A relative newcomer this year at Flash Memory Summit was Liqid. These guys are essentially creating an ecosystem from a subset of parts. Let's start with Toshiba:

At Toshiba's booth, we spotted their XG3 being promoted as being part of the Liqid solution. We also saw a similar demo at the Phison booth, meaning any M.2 parts can be included as part of their design. Now let us get a closer look at the full package options and what they do:

This demo, at the Kingston booth, showed a single U.2 device cranking out 835,000 4k IOPS. This is essentially saturating its PCIe 3.0 x4 link with random IO's, and it actually beats the Micron 9100 that we just reviewed!

How can it pull this off? The trick is that there are actually four M.2 SSDs in that package, along with a PLX switch.
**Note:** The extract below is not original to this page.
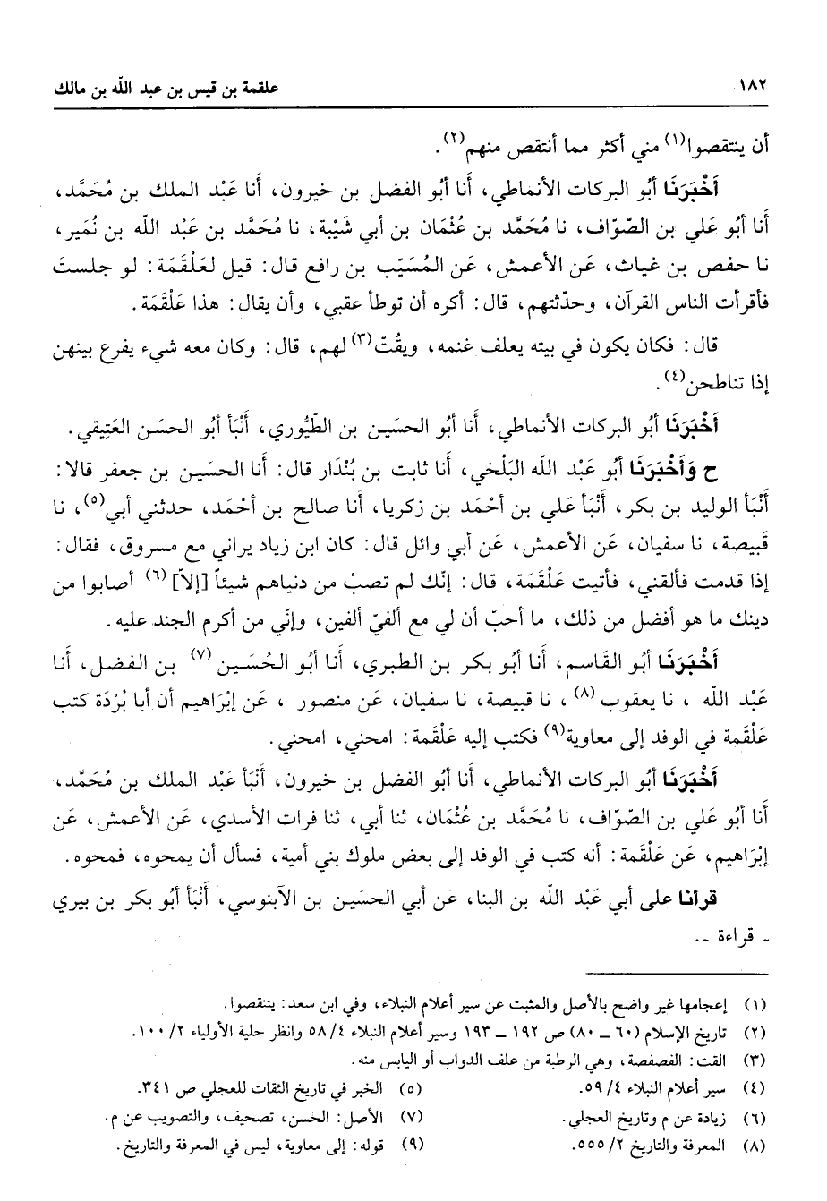 أن ينتقصوا (1) مني أكثر مما أنتقص منهم (2) أخبرنا أبو البركات الأنماطي أنا أبو الفضل بن خيرون أنا عبد الملك بن محمد أنا أبو علي بن الصواف نا محمد بن عثمان بن أبي شيبة نا محمد بن عبد الله بن نمير أنا حفص بن غياث عن الأعمش عن المسيب بن رافع قال قيل لعلقمة لو جلست فأقرأت الناس القرآن وحدثتهم قال أكره أن توطأ عقبي وأن يقال هذا علقمة قال فكان يكون في بيته يعلف غنمه ويقت (3) لهم قال وكان معه شئ يفرع بينهن إذا تناطحن (4) أخبرنا أبو البركات الأنماطي أنا أبو الحسين بن الطيوري أنبأ أبو الحسن العتيقي ح وأخبرنا أبو عبد الله البلخي أنا ثابت بن بندار قال أنا الحسين بن جعفر قالا أنبأ الوليد بن بكر أنبأ علي بن أحمد بن زكريا أنا صالح بن أحمد حدثني أبي (5) نا قبيصة نا سفيان عن الأعمش عن أبي وائل قال كان ابن زياد يراني مع مسروق فقال إذا قدمت فألقني فأتيت علقمة قال إنك لم تصب من دنياهم شيئا إلا (6) أصابوا من دينك ما هو أفضل من ذلك ما أحب أن لي مع ألفي ألفين وإني من أكرم الجند عليه أخبرنا أبو القاسم أنا أبو بكر بن الطبري أنا أبو الحسين (7) بن الفضل أنا عبد الله نا يعقوب (8) نا قبيصة نا سفيان عن منصور عن إبراهيم أن أبا بردة كتب علقمة في الوفد إلى معاوية (9) فكتب إليه علقمة امحني امحني أخبرنا أبو البركات الأنماطي أنا أبو الفضل بن خيرون أنبأ عبد الملك بن محمد أنا أبو علي بن الصواف نا محمد بن عثمان ثنا أبي ثنا فرات الأسدي عن الأعمش عن إبراهيم عن علقمة أنه كتب في الوفد إلى بعض ملوك بني أمية فسأل أن يمحوه فمحوه قرأنا على أبي عبد الله بن البنا عن أبي الحسين بن الآبنوسي أنبأ أبو بكر بن بيري قراءة

The RAID must be handled on the host side, but so long as you have software that can talk to multiple drives, you'll get full speed from this part.

More throughput can be had by switching to a PCIe 3.0 x8 link on a HHHL form factor card:

That's 1.3 million IOPS from a single HHHL device! Technically this is four SSDs, but still, that's impressively fast and is again saturating the bus, but this time it's PCIe 3.0 x8 being pegged!

We'll be tracking Liqid's progress over the coming months, and we will definitely test these solutions as they come to market (we're not there just yet). More to follow from FMS 2016!